Total Time 1 hour 10 minutes
Servings: 6

Ingredients
  

  • 2 pounds bone-in chicken thighs or drumsticks – Bone-in chicken stays juicy and gives the sauce more flavor.
  • 2 tablespoons olive oil – Use good-quality olive oil for a smoother and richer taste.
  • 1 large onion thinly sliced – Onions melt into the sauce and add natural sweetness.
  • 4 garlic cloves minced – Fresh garlic gives the dish a stronger aroma than jarred garlic.
  • 1 teaspoon ground ginger – Adds warm earthy flavor that pairs beautifully with lemon.
  • 1 teaspoon turmeric – Gives the tagine its golden color and subtle depth.
  • 1 teaspoon paprika – Adds mild smokiness and richness.
  • ½ teaspoon ground cumin – Brings warmth and authentic Moroccan flavor.
  • ½ teaspoon black pepper – Freshly cracked pepper works best for stronger flavor.
  • 1 teaspoon kosher salt – Adjust according to the saltiness of the olives.
  • 1 cup chicken broth – Keeps the chicken tender and creates a flavorful sauce.
  • 1 preserved lemon rinsed and sliced – The key ingredient that adds tangy brightness.
  • 1 cup green olives – Use pitted olives for easier serving.
  • 2 tablespoons chopped fresh parsley – Adds freshness and color at the end.
  • 2 tablespoons chopped cilantro – Balances the richness with herbal flavor.
  • 1 small cinnamon stick optional – Gives a subtle sweet warmth to the sauce.
  • 1 tablespoon lemon juice – Enhances the citrus notes before serving.

Method
 

  1. Pat the chicken dry with paper towels before seasoning it with salt, pepper, turmeric, ginger, paprika, and cumin. This helps the spices stick evenly to the meat. Let the chicken sit for a few minutes so the flavors begin soaking in.
  2. Heat olive oil in a Dutch oven or tagine pot over medium heat. Add the sliced onions and cook until soft and lightly golden. Stir in the garlic and cook briefly until fragrant without letting it burn.
  3. Place the seasoned chicken pieces into the pot skin-side down.
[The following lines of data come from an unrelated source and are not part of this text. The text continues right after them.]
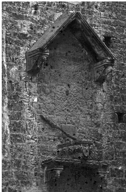
Edikula na crkvi sv. Mihovila in ripa maris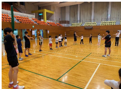
▲ニュースポーツ活動：小学生～大人対象

小学生～大人を対象に、ドッジビー等を行っています。ニュースポーツは、「だれもが、いつでも、どこでも、いつまでも、気軽に自由に楽しめる」スポーツです。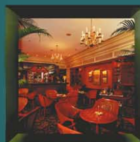
Mercantile Club Jakarta, Indonesia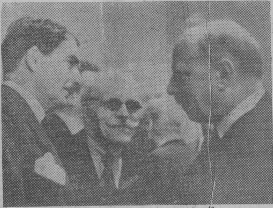
El Ministro de Relaciones Extranjeras inglés Mr. Eden, comentando en los pasillos de la Sociedad de Naciones la marcha de las gestiones para la paz italo-abisina.

Y si su propósito es firme, ¿por qué en lugar de preocuparse por esos mercadillos que en interés de Palma deben cuanto antes desaparecer, no se deciden a poner sobre el tapete el proyecto del nuevo mercado?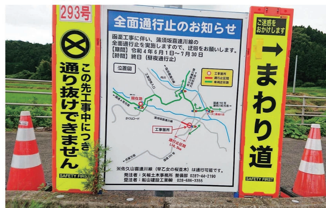
設置された県の予告看板

A 工事にあたって、予告看板の設置や市の広報紙への掲載に加え、地元行政区への回覧、学校などへ周知し、通行規制の内容や迂回路の案内などを行い、できる限り多くの方に周知できるよう取り組んでいる。また、その他の地域や市外の方々には、予告看板を設置して周知し、さらに市は広報紙やホームページ、LINE等のSNSを活用する。交通量が多い県管理の国道や県道については、事前に分かりやすく周知できるよう、連携して取り組んでいく。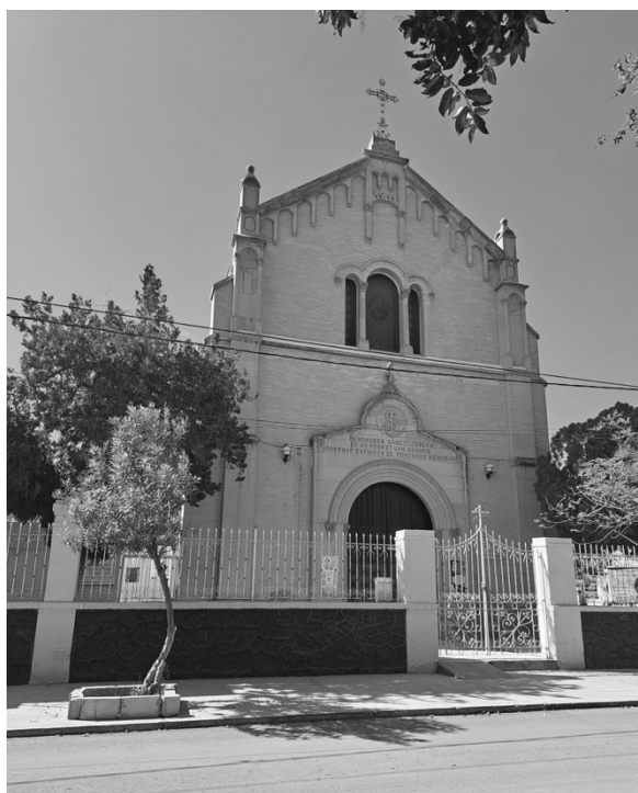
Figura 6. La capilla de San José

Fotografía: Chantal Cramausse, 2023. Arriba de la puerta de entrada figura la frase en latín: “Yn honorem sancti Joseph et ad perpetuam domine Josephae Espinosa de Ponchaux”. El latín dista mucho de ser correcto, pero se podría traducir de la siguiente manera: “Erigida en honor a San José a perpetuidad por Josefa Espinosa de Ponchaux.” 26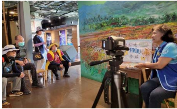
圖 12、美濃客家文物館志工說故事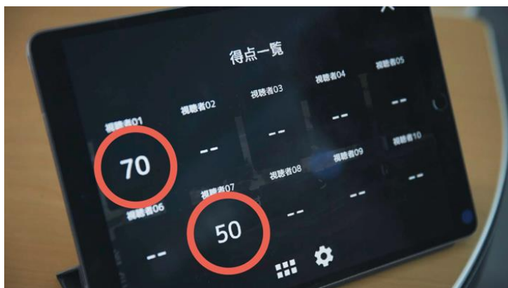
▲集合研修での受講者のVR視点をスコア化し、一覧で結果表示

Cook until lightly browned on both sides for extra flavor and color. Browning also helps lock in moisture during simmering.
  4. Pour in the chicken broth and scrape up any browned bits from the bottom of the pan. Add the cinnamon stick, preserved lemons, and olives to the pot. These ingredients slowly flavor the broth while the chicken cooks.
  5. Reduce the heat to low and cover the pot with a lid. Let the chicken simmer gently until tender and fully cooked through. The sauce should thicken slightly while becoming rich and aromatic.
  6. Remove the lid and stir in chopped parsley, cilantro, and fresh lemon juice. Taste the sauce and adjust seasoning if needed. The herbs brighten the dish and add fresh flavor before serving.
  7. Transfer the chicken and sauce to a serving dish or traditional tagine platter. Spoon extra sauce over the top for maximum flavor. Serve warm with couscous, rice, or crusty bread

Notes

  • I always brown the chicken well because it adds a richer taste to the sauce.
  • I like rinsing preserved lemons lightly so the dish does not become overly salty.
  • I found that simmering slowly on low heat makes the chicken extra tender.
  • I sometimes add a small pinch of saffron when I want deeper Moroccan flavor.
  • I prefer using fresh herbs at the end because they keep the dish bright and fresh.
  • I usually let the tagine rest for 10 minutes before serving so the flavors settle beautifully.